GlycoMimetics Awarded NIH Grant to Study Drug Candidate in Diabetes
News Aug 18, 2009
GlycoMimetics, Inc. has announced it has been awarded a grant from The National Heart, Lung, and Blood Institute (NHLBI) of The National Institutes of Health (NIH) to evaluate its E-selectin small molecule antagonists in animal models of vascular complications of diabetes.
The grant is based upon substantial data in the scientific literature suggesting an important role for E-selectin in the chronic inflammation associated with diabetes. The company has developed a family of potent small molecule E-selectin antagonists which it is currently optimizing for oral availability.
“We are excited about the potential for our E-selectin antagonists to treat or prevent vascular complications of diabetes, and we believe GlycoMimetics’ family of small molecule therapeutics could represent a breakthrough in this field,” said John Magnani, Ph.D., GlycoMimetics’ Vice President and Chief Scientific Officer. “It is gratifying to have this important research recognized by the NIH.”

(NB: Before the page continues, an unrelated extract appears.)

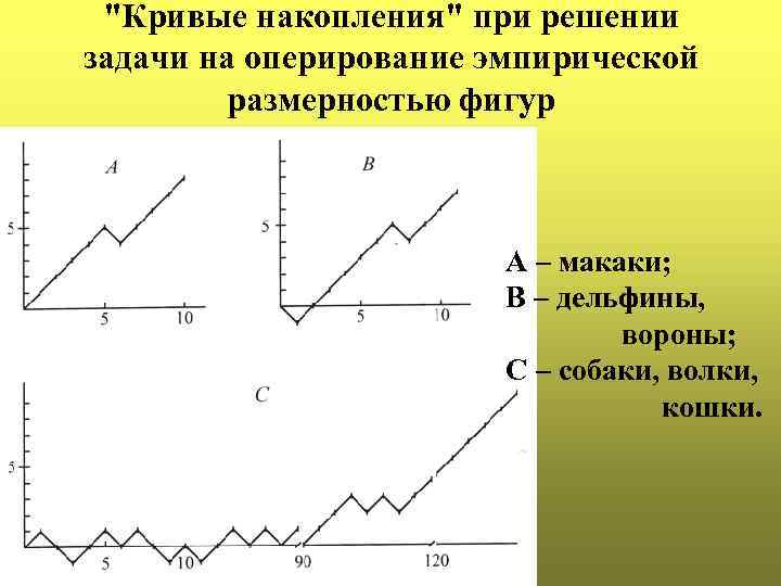 "Кривые накопления" при решении задачи на оперирование эмпирической размерностью фигур А – макаки; В – дельфины, вороны; С – собаки, волки, кошки.

Elevated levels of E-selectin have been shown to correlate with increased risk of complications related to poor microvascular blood flow, such as diabetic retinopathy and nephropathy. GlycoMimetics has discovered a class of potent E-selectin inhibitors, one of which, in earlier tests, was shown to improve blood flow by inhibiting leukocyte rolling and adhesion in diabetic mice.
The company believes that E-selectin antagonists could also be beneficial in treating certain inflammatory skin conditions where E-selectin plays an important role.